## WORK REQUEST
In this exercise, the entries below include pictures. Repeat exactly the lines from the line with "Skříň je dostupná" to the line with "Pour le prochain", including both, but without the pictures.

(Source data)
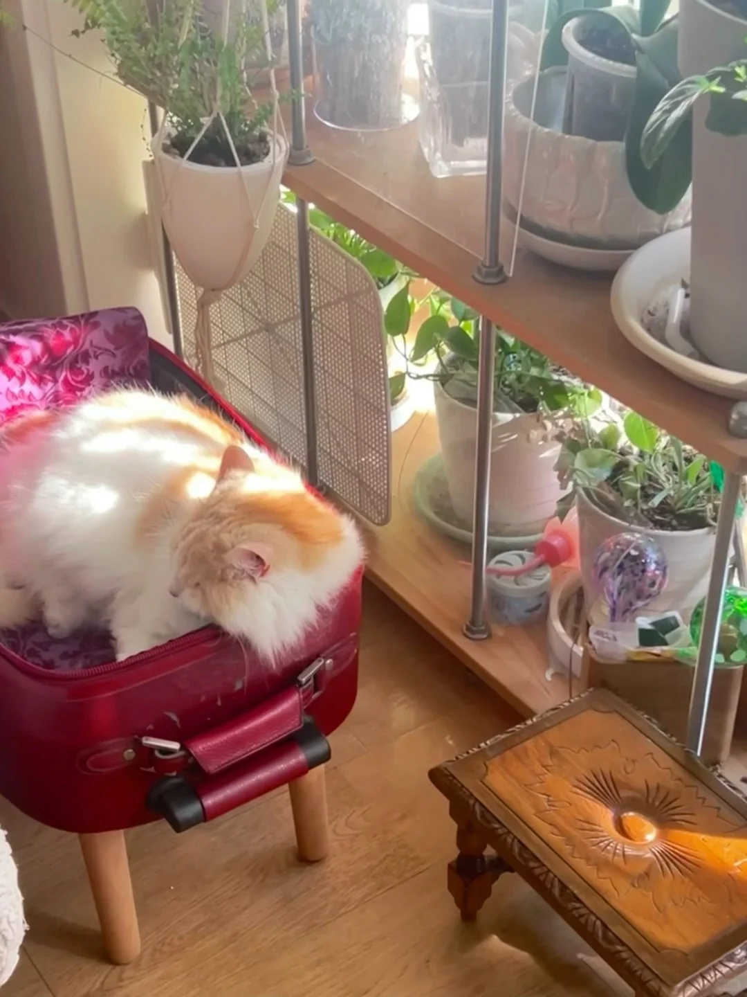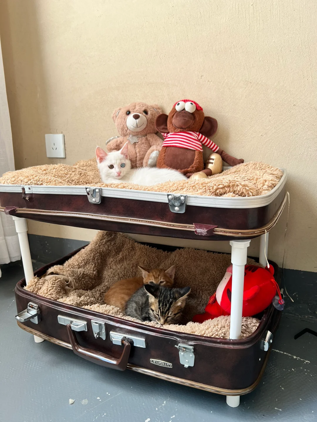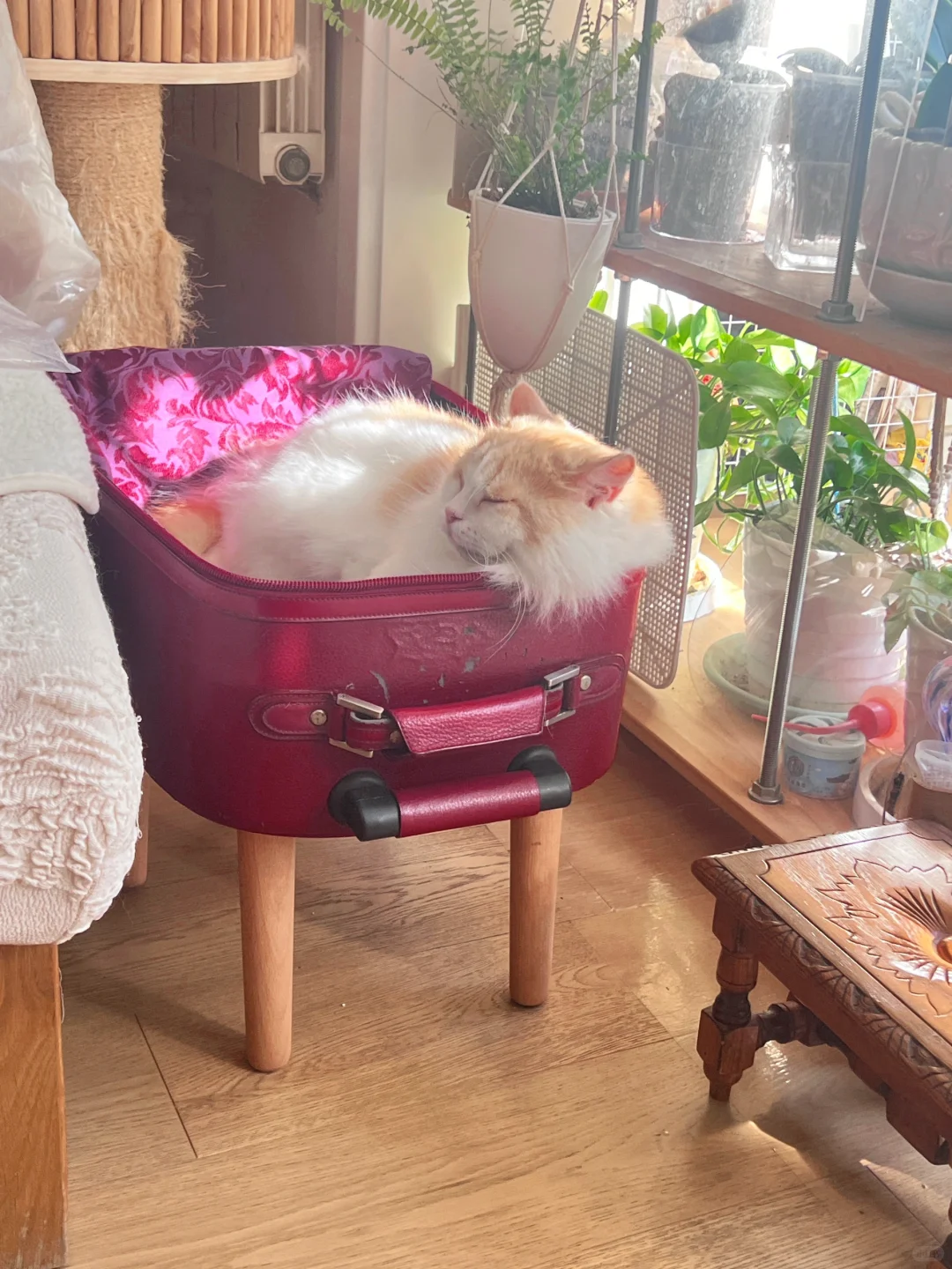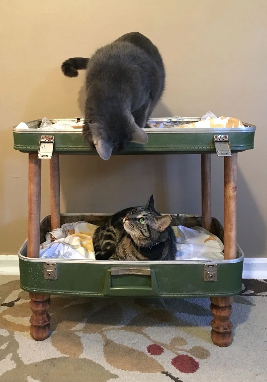 可以在网上购买4个木质的桌腿,然后把它安装在行李箱的底部,这样就变成了一个复古风的猫窝,铺上垫子,好看的不得了。
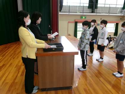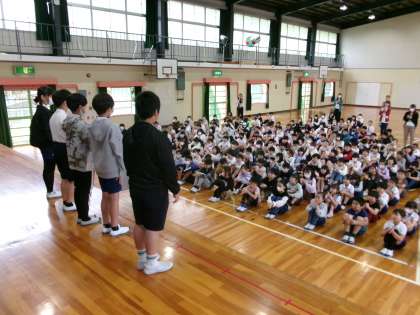 【第1回 全校集会】4/22 公開日 2024/04/25 更新日 2024/04/25 学校行事 5年ぶりの全校集会を体育館で行いました。本年度は、月に一度全校で集まって集会を行います。この日は、委員会の委員長、各学級の学級委員の認証式を行いました。一人一人が役割に責任をもち、協力してより良い活動、より良い学級にしていってほしいと思います。
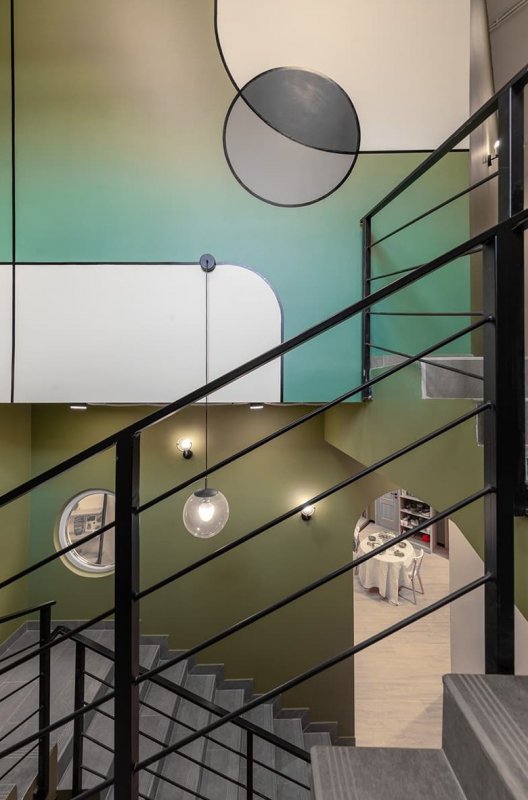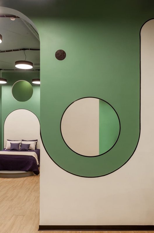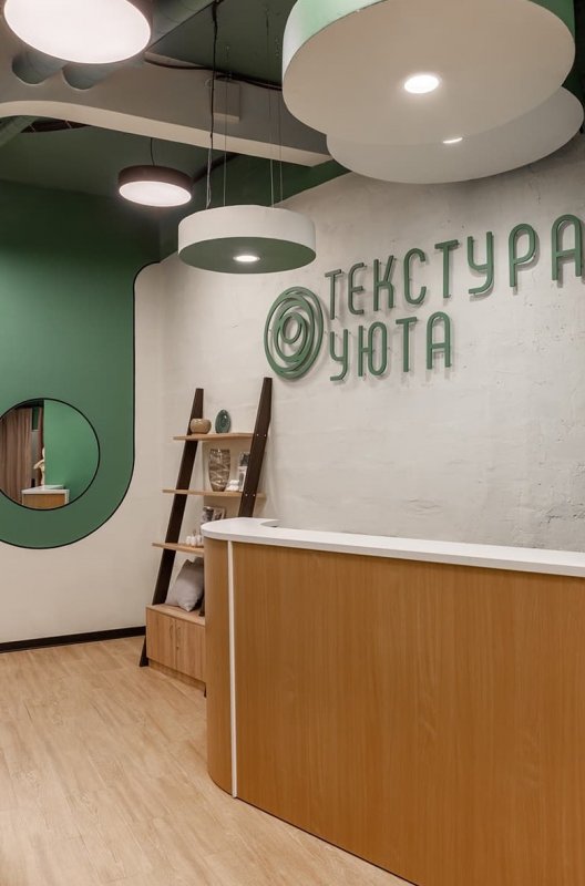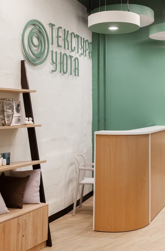 Главная особенность магазина «Текстура уюта» в подмосковье — его расположение: подвал многоквартирного дома. Здесь отсутствуют окна, но имеются очень высокие потолки. Чтобы попасть в зал, необходимо спуститься вниз по достаточно длинной лестнице. Оформление входной зоны — чтобы вдохновить потенциального клиента воспользоваться лестницей и войти — задало тон всему интерьеру. Фишкой проекта стала двухмерная графика, захватывающая внимание и создающая иллюзию трехмерного пространства. Графика переходит в объем, а архитектурные решения становятся частью общей картинки. Благодаря нежным оттенкам и плавным линиям архитекторам удалось сохранить ощущение уюта, важное для шоу-рума, который занимается продажей товаров для дома.
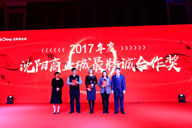 活动现场,陈哲元董事长、钟静总经理代表沈阳商业城向萃华金店、周大福品牌、辽宁和慧仓商贸、影儿会所颁发了2017年度最精诚合作奖。
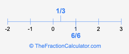 We'll start by presenting the illustration below that shows you where 1/3 and 6/6 are positioned on a number line. This will help you fully understand and visualize our calculations.
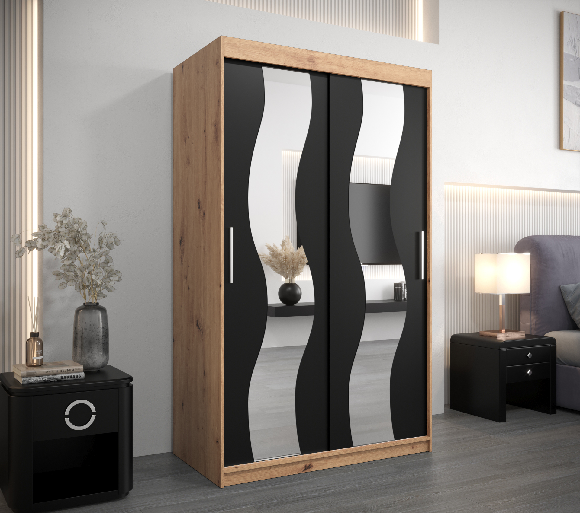 Skříň je dostupná také v dalších barevných provedeních, jako je dub artisan, černá a bílá. Tyto odstíny lze vzájemně kombinovat podle vašich představ a potřeb.
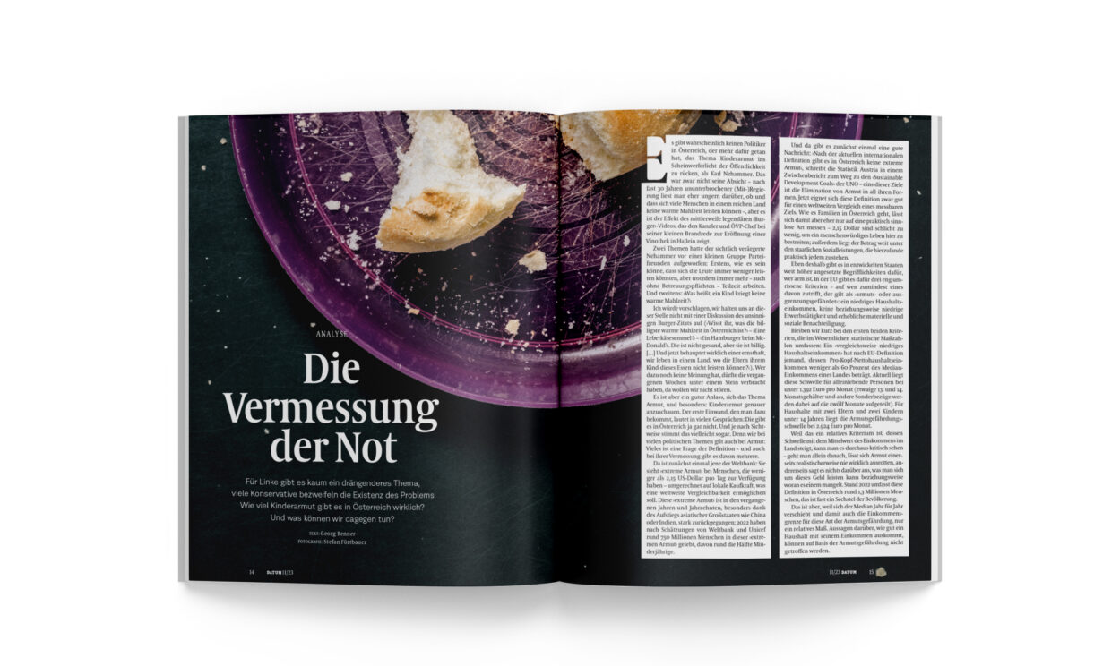 Es ist aber ein guter Anlass, sich das Thema Armut, und besonders: Kinderarmut genauer anzuschauen. Der erste Einwand, den man dazu bekommt, lautet in vielen Gesprächen: Die gibt es in Österreich ja gar nicht. Und je nach Sichtweise stimmt das vielleicht sogar. Denn wie bei vielen politischen Themen gilt auch bei Armut: Vieles ist eine Frage der Definition – und auch bei ihrer Vermessung gibt es davon mehrere.
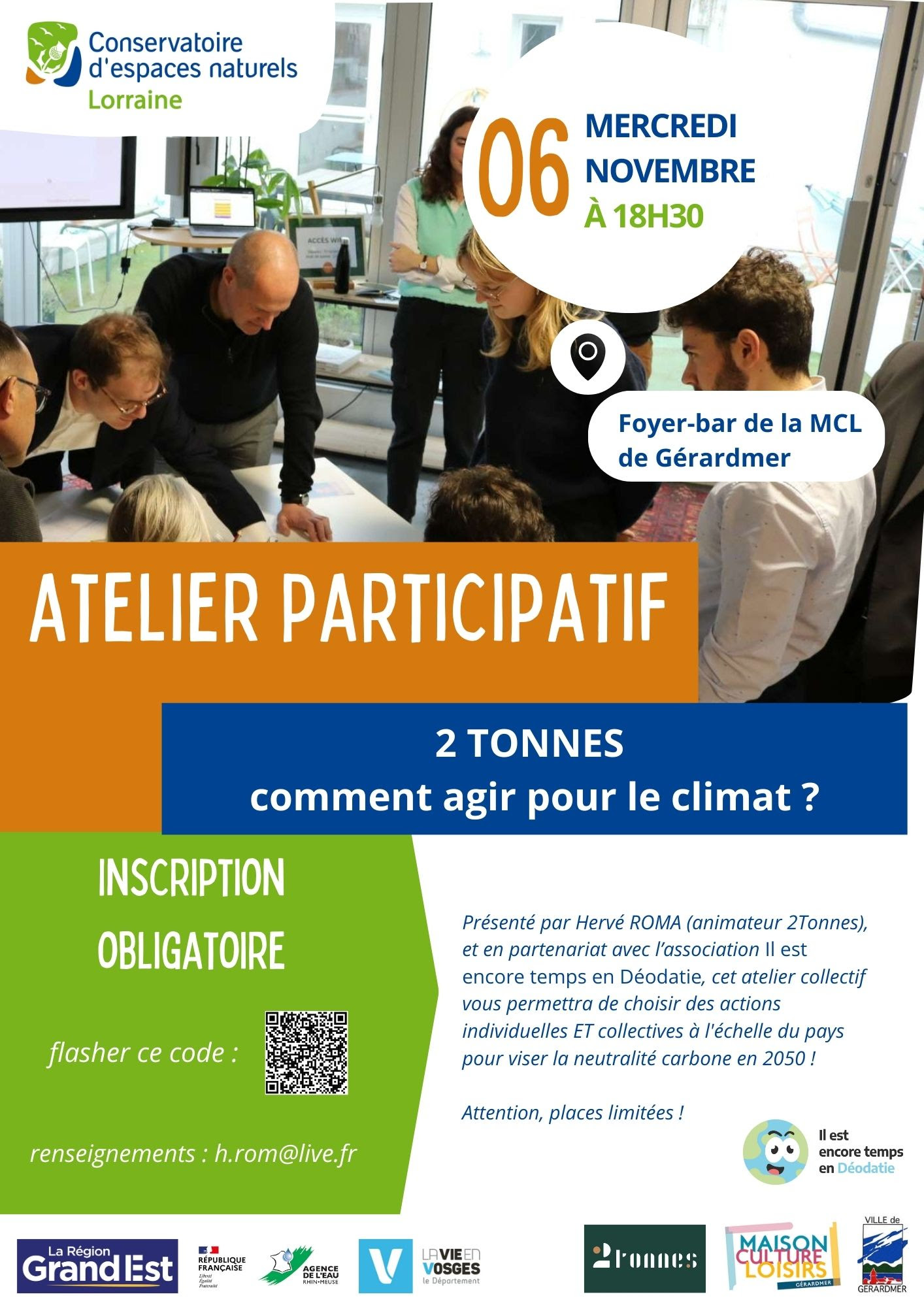 Pour le prochain rendez-vous C’Est Nature, un thème d’actualité : notre empreinte carbone et la nécessaire transition pour s’adapter au changement climatique. C’est sous forme d’atelier que vous serez invités à réfléchir en groupe (14 personnes max) sur cette thématique. Cette soirée (prévoir au moins 3 heures) sera animée par Hervé ROMA, animateur de l’Atelier 2 tonnes, en partenariat avec l’association Il est encore temps en Déodatie.
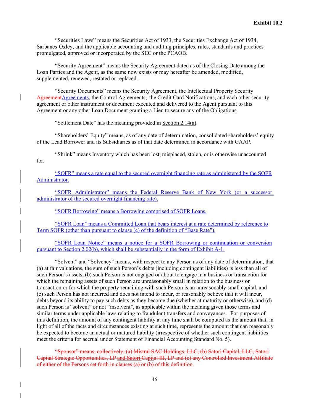 46 Exhibit 10.2 “Securities Laws” means the Securities Act of 1933, the Securities Exchange Act of 1934, Sarbanes-Oxley, and the applicable accounting and auditing principles, rules, standards and practices promulgated, approved or incorporated by the SEC or the PCAOB. “Security Agreement” means the Security Agreement dated as of the Closing Date among the Loan Parties and the Agent, as the same now exists or may hereafter be amended, modified, supplemented, renewed, restated or replaced. “Security Documents” means the Security Agreement, the Intellectual Property Security AgreementAgreements, the Control Agreements, the Credit Card Notifications, and each other security agreement or other instrument or document executed and delivered to the Agent pursuant to this Agreement or any other Loan Document granting a Lien to secure any of the Obligations. “Settlement Date” has the meaning provided in Section 2.14(a). “Shareholders’ Equity” means, as of any date of determination, consolidated shareholders’ equity of the Lead Borrower and its Subsidiaries as of that date determined in accordance with GAAP. “Shrink” means Inventory which has been lost, misplaced, stolen, or is otherwise unaccounted for. “SOFR” means a rate equal to the secured overnight financing rate as administered by the SOFR Administrator. “SOFR Administrator” means the Federal Reserve Bank of New York (or a successor administrator of the secured overnight financing rate). “SOFR Borrowing” means a Borrowing comprised of SOFR Loans. “SOFR Loan” means a Committed Loan that bears interest at a rate determined by reference to Term SOFR (other than pursuant to clause (c) of the definition of “Base Rate”). “SOFR Loan Notice” means a notice for a SOFR Borrowing or continuation or conversion pursuant to Section 2.02(b), which shall be substantially in the form of Exhibit A-1. “Solvent” and “Solvency” means, with respect to any Person as of any date of determination, that (a) at fair valuations, the sum of such Person’s debts (including contingent liabilities) is less than all of such Person’s assets, (b) such Person is not engaged or about to engage in a business or transaction for which the remaining assets of such Person are unreasonably small in relation to the business or transaction or for which the property remaining with such Person is an unreasonably small capital, and (c) such Person has not incurred and does not intend to incur, or reasonably believe that it will incur, debts beyond its ability to pay such debts as they become due (whether at maturity or otherwise), and (d) such Person is “solvent” or not “insolvent”, as applicable within the meaning given those terms and similar terms under applicable laws relating to fraudulent transfers and conveyances. For purposes of this definition, the amount of any contingent liability at any time shall be computed as the amount that, in light of all of the facts and circumstances existing at such time, represents the amount that can reasonably be expected to become an actual or matured liability (irrespective of whether such contingent liabilities meet the criteria for accrual under Statement of Financial Accounting Standard No. 5). “Sponsor” means, collectively, (a) Mistral SAC Holdings, LLC, (b) Satori Capital, LLC, Satori Capital Strategic Opportunities, LP and Satori Capital III, LP and (c) any Controlled Investment Affiliate of either of the Persons set forth in clauses (a) or (b) of this definition.
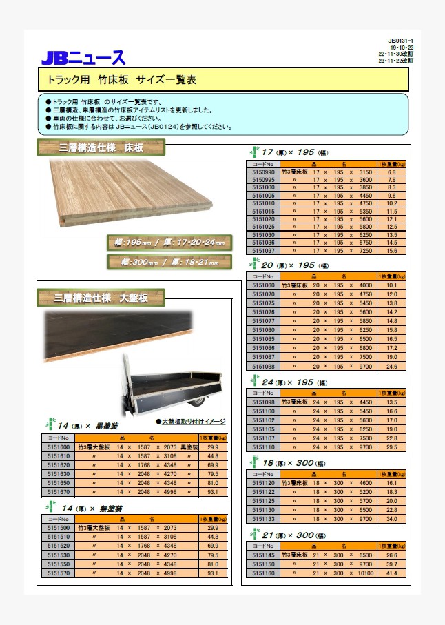トラック用竹床板のサイズ一覧表です。アイテムの増減に伴い、竹床板のアイテムリストを更新しました。
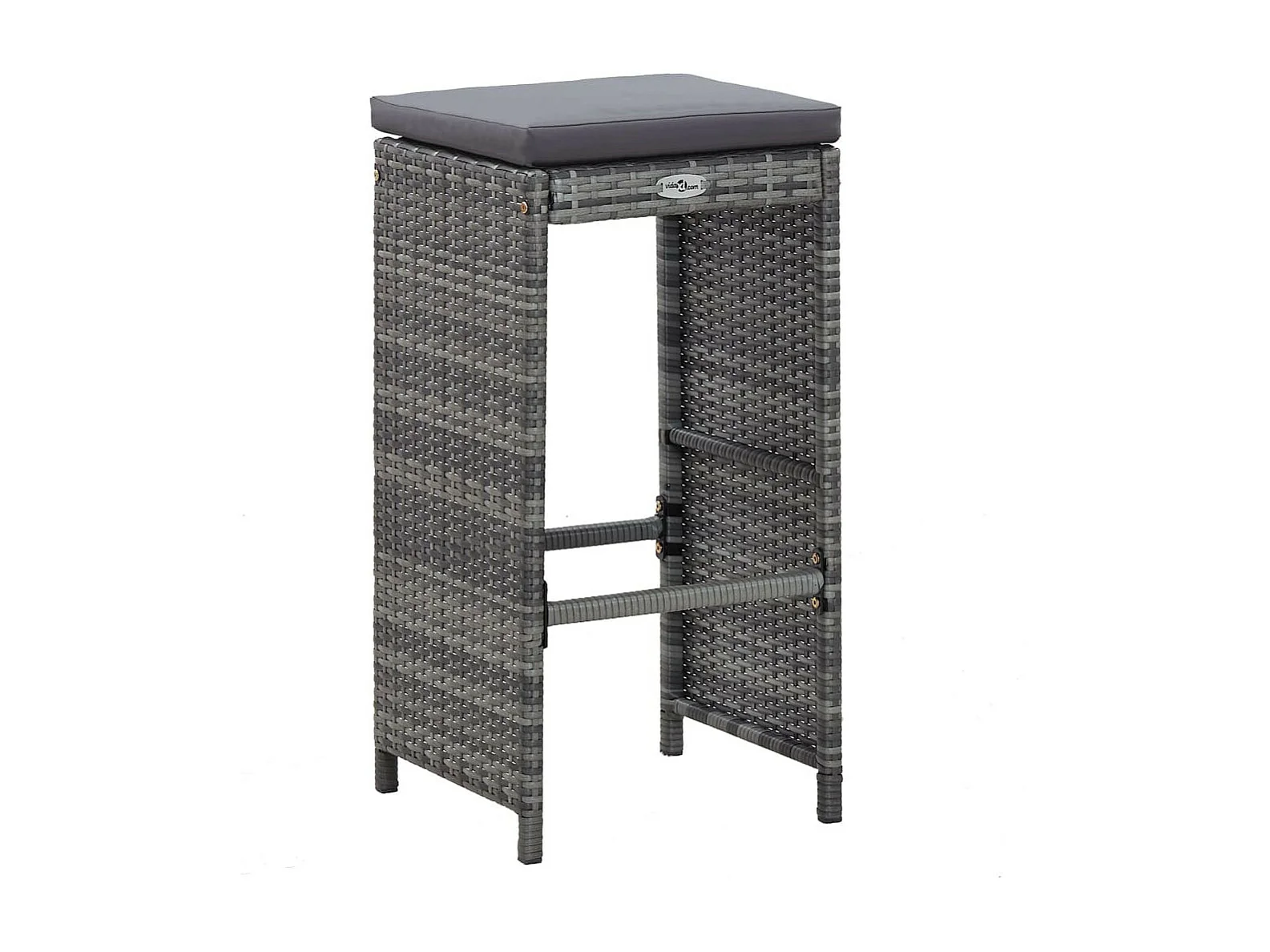 Meuble de bar de jardin 7 pcs et coussins Résine tressée Gris

## EXERCISE ANSWER
 Skříň je dostupná také v dalších barevných provedeních, jako je dub artisan, černá a bílá. Tyto odstíny lze vzájemně kombinovat podle vašich představ a potřeb.
 Es ist aber ein guter Anlass, sich das Thema Armut, und besonders: Kinderarmut genauer anzuschauen. Der erste Einwand, den man dazu bekommt, lautet in vielen Gesprächen: Die gibt es in Österreich ja gar nicht. Und je nach Sichtweise stimmt das vielleicht sogar. Denn wie bei vielen politischen Themen gilt auch bei Armut: Vieles ist eine Frage der Definition – und auch bei ihrer Vermessung gibt es davon mehrere.
 Pour le prochain rendez-vous C’Est Nature, un thème d’actualité : notre empreinte carbone et la nécessaire transition pour s’adapter au changement climatique. C’est sous forme d’atelier que vous serez invités à réfléchir en groupe (14 personnes max) sur cette thématique. Cette soirée (prévoir au moins 3 heures) sera animée par Hervé ROMA, animateur de l’Atelier 2 tonnes, en partenariat avec l’association Il est encore temps en Déodatie.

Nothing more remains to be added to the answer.